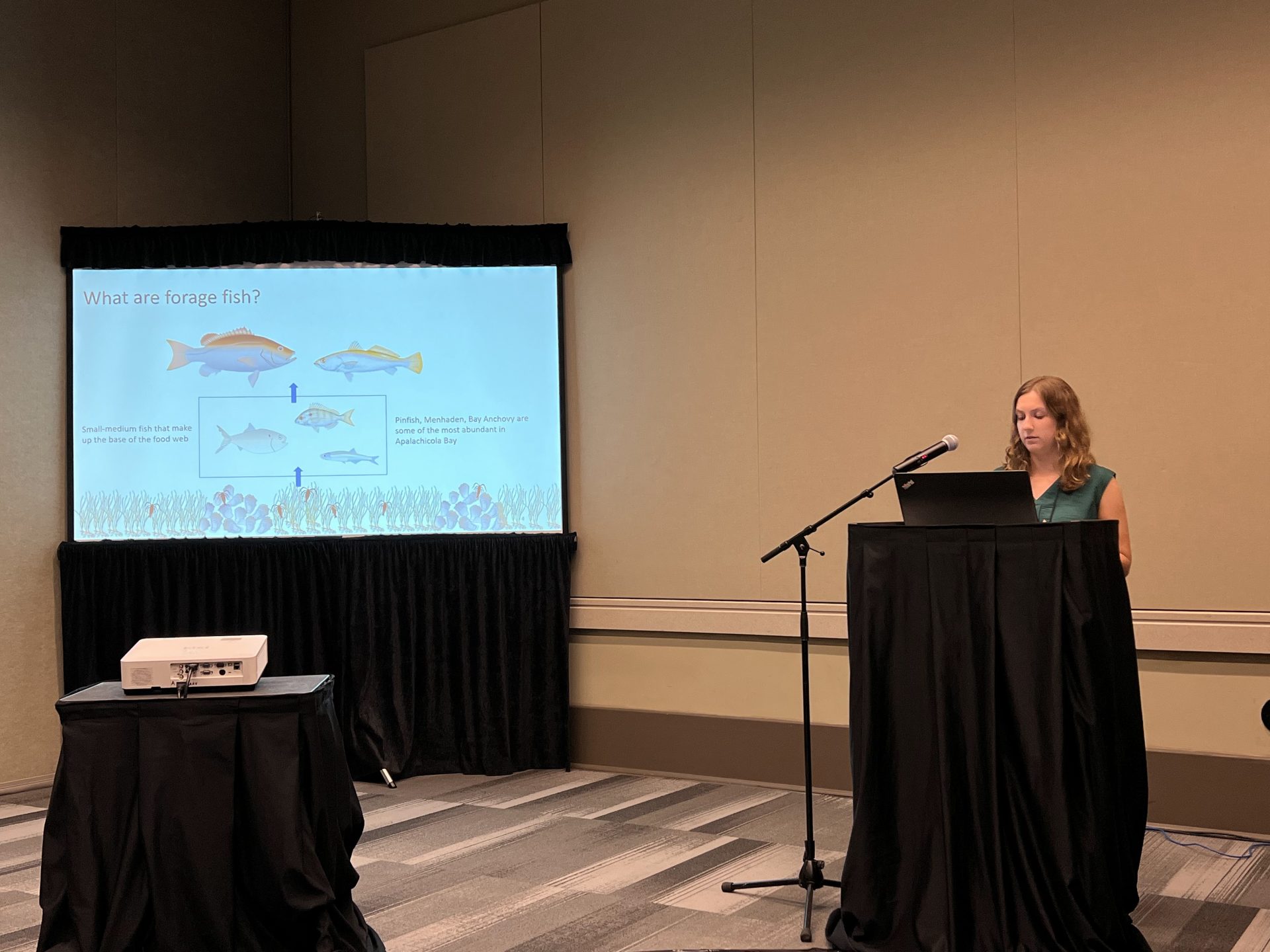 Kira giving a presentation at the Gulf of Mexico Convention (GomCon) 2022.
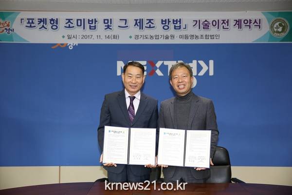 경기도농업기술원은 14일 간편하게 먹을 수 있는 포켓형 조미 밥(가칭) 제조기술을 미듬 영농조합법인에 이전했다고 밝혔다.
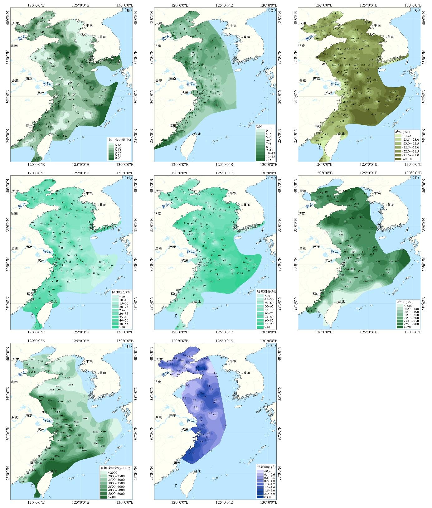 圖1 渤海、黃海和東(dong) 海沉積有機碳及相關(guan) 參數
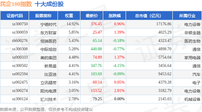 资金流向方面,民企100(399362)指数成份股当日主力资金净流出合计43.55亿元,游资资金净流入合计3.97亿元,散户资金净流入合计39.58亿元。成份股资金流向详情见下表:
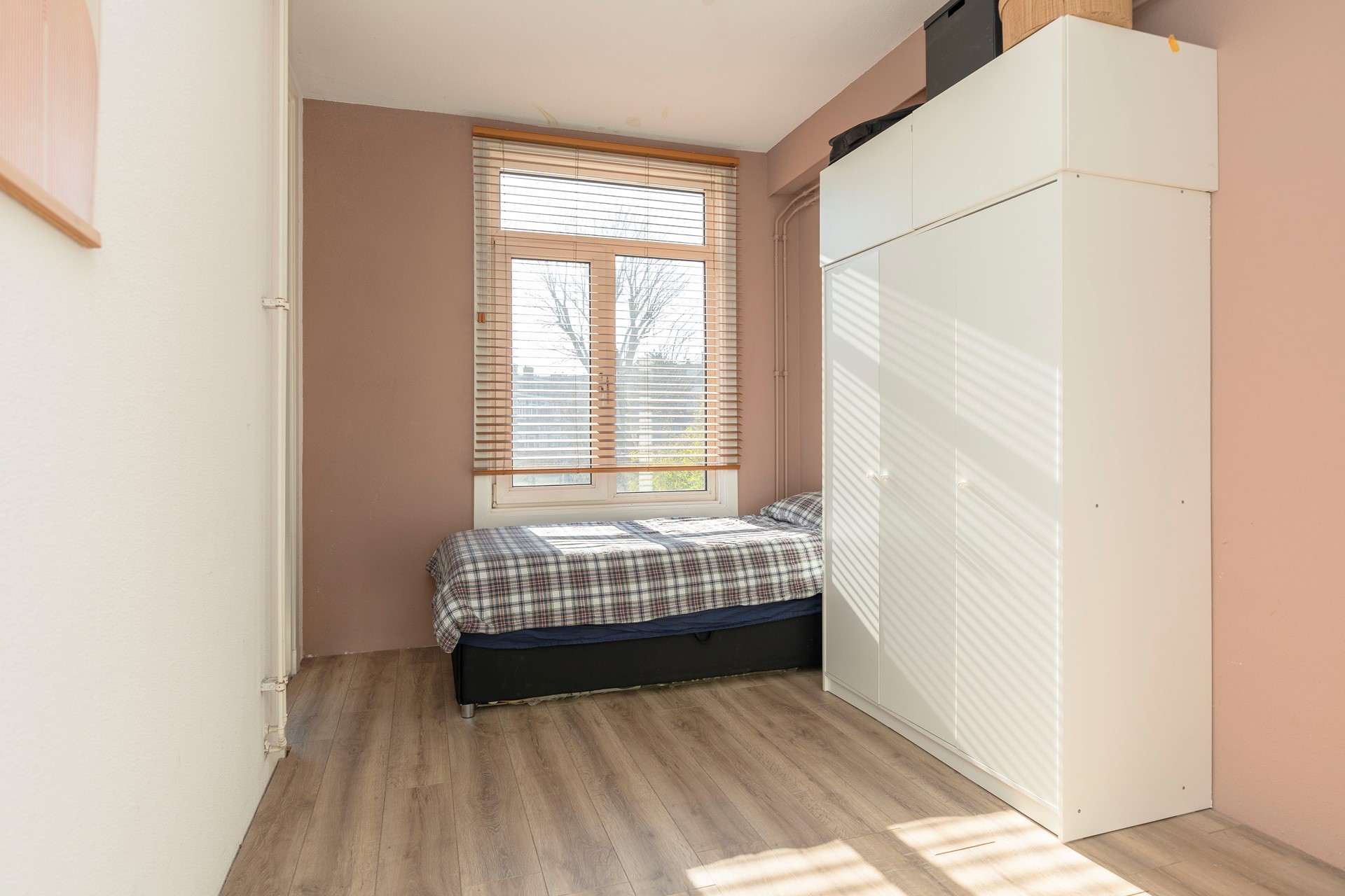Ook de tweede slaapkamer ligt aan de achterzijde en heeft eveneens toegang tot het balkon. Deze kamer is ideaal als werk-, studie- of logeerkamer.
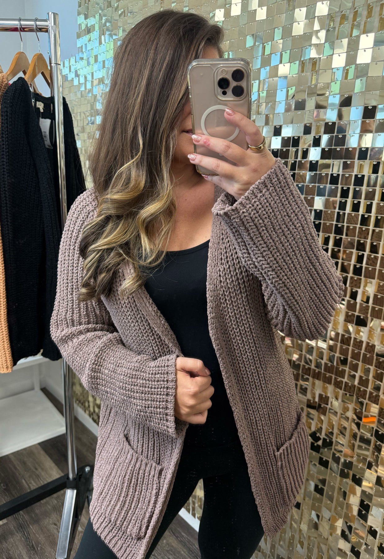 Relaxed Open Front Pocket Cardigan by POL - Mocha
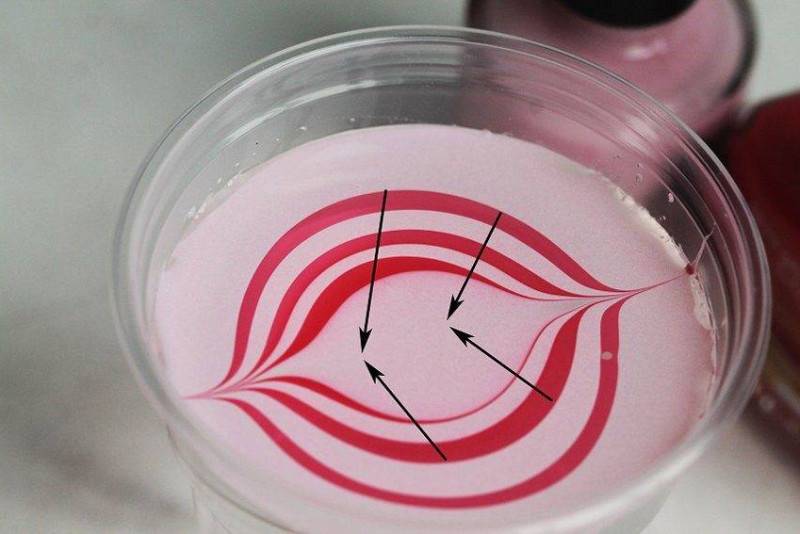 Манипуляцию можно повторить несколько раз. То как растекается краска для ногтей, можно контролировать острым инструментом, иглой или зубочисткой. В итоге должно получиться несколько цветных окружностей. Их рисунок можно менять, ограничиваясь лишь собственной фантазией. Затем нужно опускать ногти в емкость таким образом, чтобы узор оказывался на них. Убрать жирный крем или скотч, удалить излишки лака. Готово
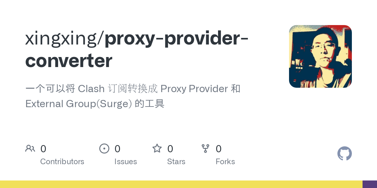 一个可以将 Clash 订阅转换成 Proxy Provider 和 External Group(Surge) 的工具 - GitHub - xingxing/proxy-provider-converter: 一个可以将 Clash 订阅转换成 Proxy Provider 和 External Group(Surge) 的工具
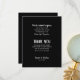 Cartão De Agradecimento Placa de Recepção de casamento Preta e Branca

• _AIM OF THE EXERCISE_
What you need to produce is an exact copy of the entries above, limited to the lines from the one with "资金流向方面,民企100(3" up to and including the one with "Relaxed Open Front", without pictures.

• _ANSWER BOX_
 资金流向方面,民企100(399362)指数成份股当日主力资金净流出合计43.55亿元,游资资金净流入合计3.97亿元,散户资金净流入合计39.58亿元。成份股资金流向详情见下表:
Ook de tweede slaapkamer ligt aan de achterzijde en heeft eveneens toegang tot het balkon. Deze kamer is ideaal als werk-, studie- of logeerkamer.
 Relaxed Open Front Pocket Cardigan by POL - Mocha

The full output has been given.